286話
11月27日(日曜日)
雄太はマイルチャンピオンシップに出走をした。
明日、入籍をする雄太にとって独身最後のG1参戦。調整ルームを出るまで、春香へ勝利をプレゼントしたいと思っていたが、接戦の末二着であった。
(次は……絶対勝つ)
熱い闘志を胸に秘め、全てのレースを終えた雄太は調整ルームに戻り荷物をまとめた。
(えっと……忘れ物はないな)
もう一度グルリと部屋を見回してドアを開けると純也を始め、複数の先輩騎手が顔を揃えていた。
「い゙っ⁉」
(な……な……何だっ⁉)
ドアを閉め深呼吸をしてから、ソォ〜っとドアを細く開けると梅野の手がドアをガシッと掴んで無理矢理大きく開け放たれた。
「何で閉めんだよぉ〜」
「そりゃビックリしますよっ‼ 何なんですかっ⁉」
「雄太、何をそんなに急いでるんだよ? てか、飯行こうぜ」
「ソルっ‼ 行かないの分かってて言ってるだろっ⁉」
全員がニマニマと笑っている。春香の前ではしっかりしていると思われがちではあるが、弟キャラとして定着してしまっている雄太は先輩騎手達のオモチャだ。
(こ……この人達はっ‼)
「俺はっ‼ 帰るんですっ‼」
「えぇ〜? ど・こ・にぃ〜?」
「知ってるのに訊かないでくださいっ‼」
純也が雄太の体をガシッと抱いて拘束する。
「なぁなぁ、今夜は新婚初夜?」
「入籍は明日っ‼」
「入籍前夜に何するんだよぉ〜」
「訊かないでくださいっ‼」
「今夜は何回するんだよ?」
「ソルっ‼ とにかく離せぇ〜っ‼ 俺は家に帰るんだぁ〜っ‼ 春香が待ってくれてるんだからっ‼」
ジタバタとする雄太に先輩騎手達はゲラゲラと笑っている。頼みの綱の鈴掛は東京に行っていて京都に居なかった。
たくさんの先輩達から
「干からびるまで頑張れ〜」
と、ピンク色のエールを送られ雄太はフラフラと調整ルームを後にした。
トレセン近くの比較的新しい住宅と少し古い家が立ち並ぶ広めの道路沿いのエンジ色の屋根の二階建ての一軒家が見える。
家が近付いて来ると胸がドキドキする。
(春香が待っていてくれるんだ。

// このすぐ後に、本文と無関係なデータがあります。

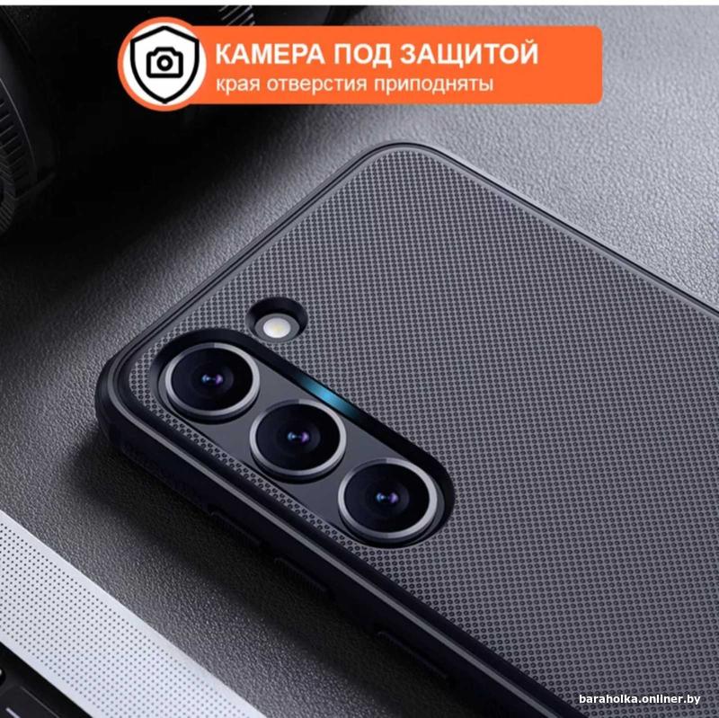 Поверхность чехла имеет тактильно ощутимую рельефную структуру, благодаря которой он не скользит в руках. Помимо этого, на нем не остаются отпечатки от пальцев после многочисленных прикосновений.

春香の家じゃなくて、俺と春香の二人の新居で)
雄太の荷物は金曜日までに運び入れて、春香の荷物は土曜日に引っ越し業者が全て運び入れていた。ガスや電気や水道も使えるようになっているし、電話も開通している。
(いよいよ、春香と暮らせるんだ……)
曲がり角を曲がると玄関の灯が見えた。駐車場の前に車を停めてゲートを開けようとすると奥から春香が走って来た。
「雄太くん、おかえりなさい」
「ただいま」
雄太はゲートを開け春香を抱き締めた。
「寒いのに外で何してたんだ?」
「雄太くんの荷物が入ってた段ボールをまとめたから外に置いておこうって思って」
「あ……。俺、荷物片付け終わらない内に調整ルームに入ったから。ありがとう、春香」
「うん」
雄太はとりあえず車を駐車場に入れた。そして、荷物を持つと待っていてくれた春香の肩を抱く。

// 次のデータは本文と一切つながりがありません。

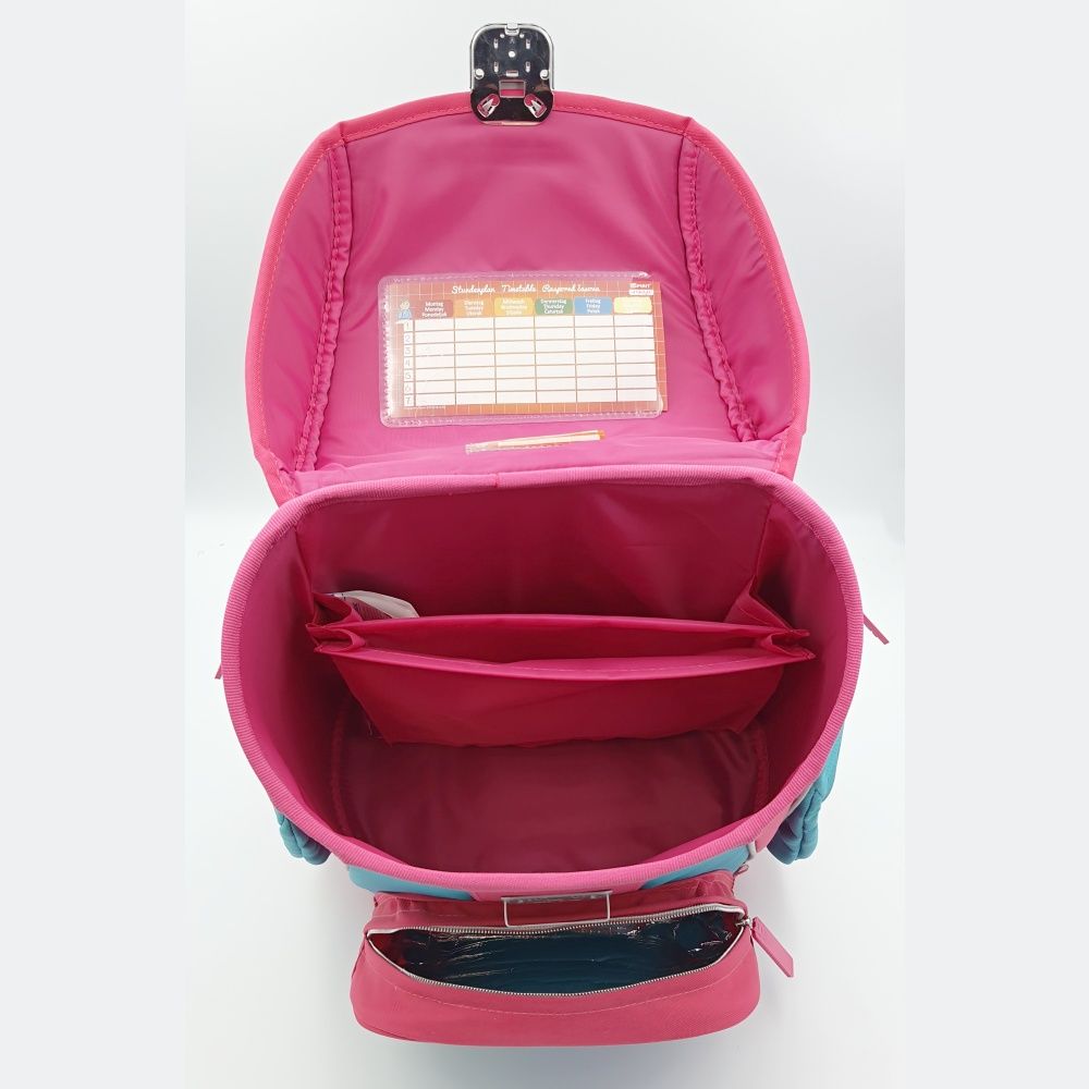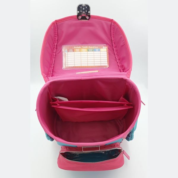 Sada obsahuje: školskú tašku, vrecko na prezúvky, 19-dielny peračník, puzdro na perá a peňaženku.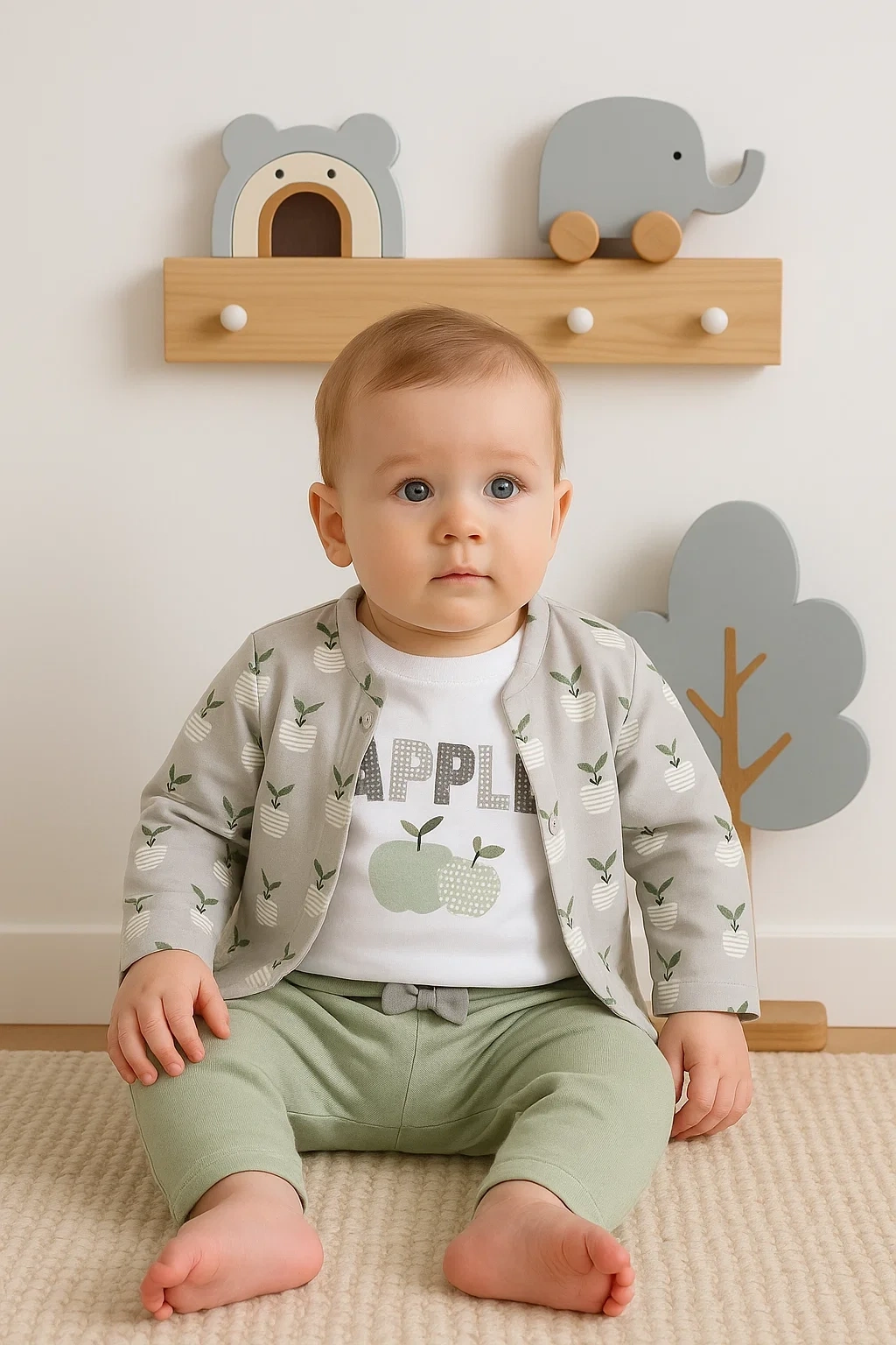 Elma Desenli Ceketli 3'lü Kız Bebek Takımı

「この辺は山手なんだし、冷えるから外に出る時は何か羽織れよ?」
「うん。てか、日が暮れたら本当に暗いね〜」
「草津の駅前と比べたら駄目だって」
ほんの数メートル並んで歩くだけでも今までとは違う気がした。
雄太が玄関ドアを開けようとすると
「あ、ちょっと待ってて」
と、春香が雄太を置いて玄関の中に入りドアを閉めた。
(へ? 何で?)
雄太がそう思って立っているとドアが開いた。
「雄太くん。おかえりなさい」
(あ……)
満面の笑みで春香が言う。
「ただいま、春香」
荷物を足元に置いて、思いっきり抱き締めた。春香の腕が雄太の体を抱き締める。
(春香……、春香……。俺の春香……)
誰にも渡したくないと思い、幸せにするんだと誓った春香が腕の中で笑っている。
いつかG1を獲ったら鷹羽春香になってもらうんだと願った春香が腕の中にいる。
(俺は幸せだ……)
腕を緩めて、ただいまのキスをする。その幸せを噛み締めた雄太だった。